I tried to draw a diagram, but I don't understand where the 5m is, the height of the lamppost? Is the question asking for the derivative of the speed?

• Calculus - ,

draw a lamppost, vertical line, and label it 5 m high (we assusme the light is at the top of the lamppost)
draw a horizontal line, the sidewalk? , and draw the man , vertical line, somewhere on the sidwalk.
Join the top of the lamppost to the man's head and continue until you hit the sidewalk.
label the distance between the post and the man as y, label the length of his shadow x
we are given dy/dt as 1.5 m/s, we are to find dx/dt when y = 10 m

I see to right-angled triangles, with a smaller inside a larger.
By similar triangles:
5/(x+y) = 2/x
cross-multiply, ...
5x = 2x + 2y
3x = 2y

differentiate with respect to t
3dx/dt = 2dy/dt
dx/dt = 2(1.5)/3 = 1 m/s

Notice we did not need the 10 m, there was no place to sub it in.
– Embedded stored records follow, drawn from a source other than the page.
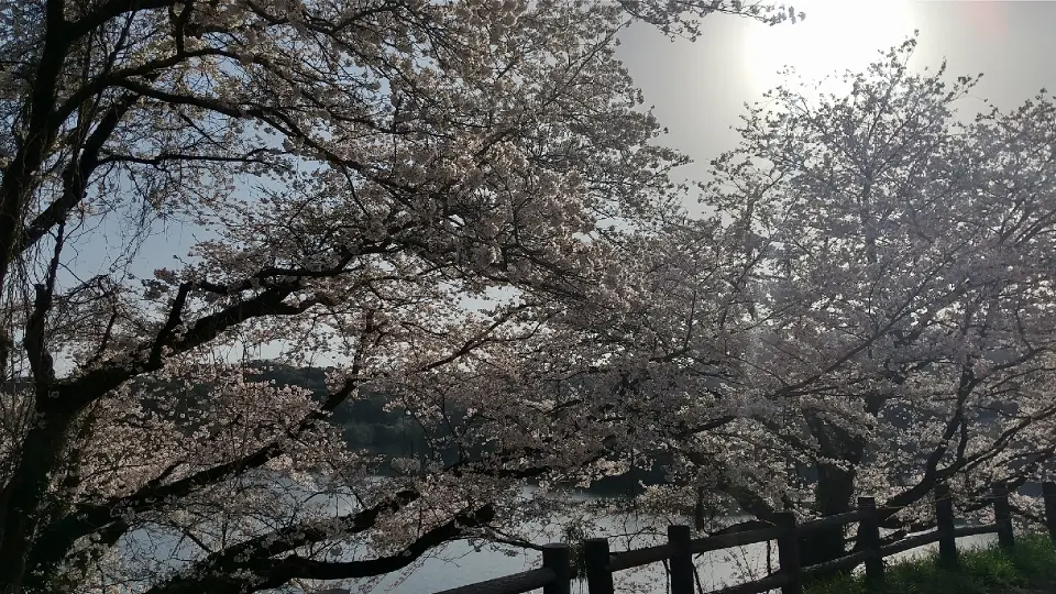 1周4kmの桜並木が緑水湖の湖面と重なりとても美しいロケーションです。散策道をゆっくり歩きながら、または車に乗って楽しむことができます。近くに食事や喫茶を楽しめるレストランや、季節の山菜が並ぶ直売所もあります。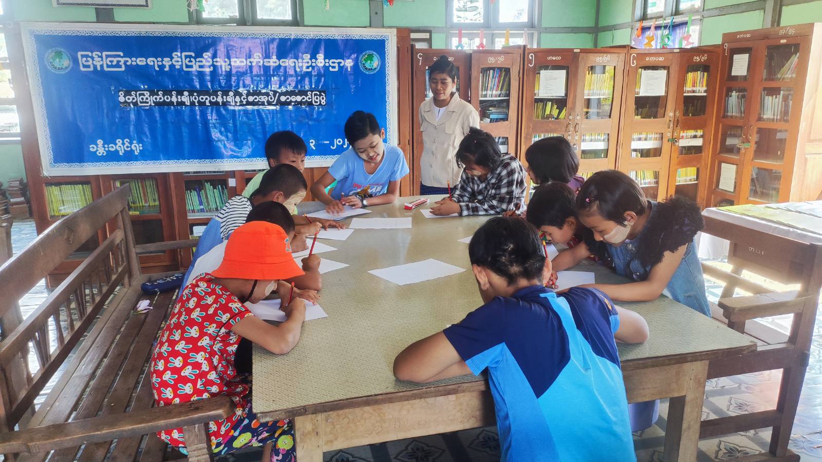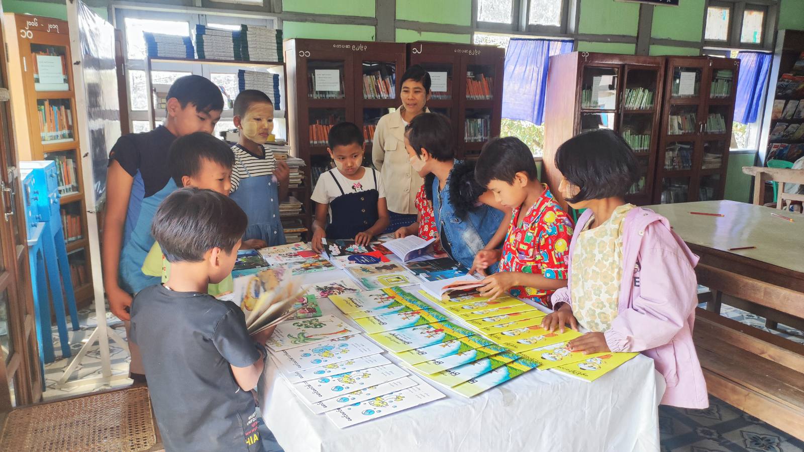 ထို့နောက် ခင်းကျင်းပြသထားသည့် သုတ/ရသ စာအုပ်များအား ကလေးငယ်လေးများက စိတ်ဝင်တစား လေ့လာဖတ်ရှုခဲ့ကြကြောင်း သိရသည်။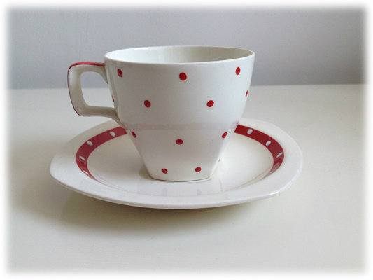 JUGEMテーマ:英国アンティーク・ヴィンテージ食器 ミッドウィンター・レッド・ドミノ・カップ&ソーサ ジェシー・テイトによるミッドウインターの作品中で大人気なパターンです。 ハンドペイントのドットは半世紀経った今で斬新です。 ホーム > 訳あり特別価格ミッドウィンターフェア!!断然お得です!! にほんブログ村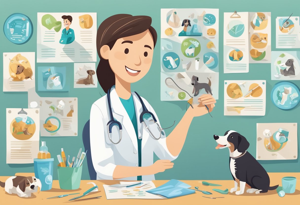 A veterinarian examining a dog's teeth, surrounded by posters showing common pet dental diseases and prevention methods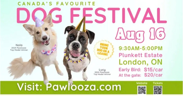 Join us for Pawlooza @ the Plunket Estate, just west of London, Ontario, 9282 Elviage Dr., London, ON N6K 4N5 9:30-5 pm, Saturday, August 16, 2025

We have shown that the man's shadow is growing at a constant rate of 1 m/s, no matter where he is.

Be careful with this question.
Had it asked "how fast is the man's shadow moving", we would have to add the man's speed to the 1 m/s for a speed of 2.5 m/s.

• Calculus - ,

My goodness!
I just noticed that I typed "to" instead of "two" in "I see to right-angled triangles ..."

• Calculus - ,

Thank you so much for clearing it up showing the steps crystal clear. How do you know that 1.5m/s is dy/dt?

• Calculus - ,

2.5 km/h

• Calculus - ,

thanks a lot Reiny.

• Calculus - ,

The y distance is based on how fast the man is walking. In respect to time, dy/dt is 1.5m/s.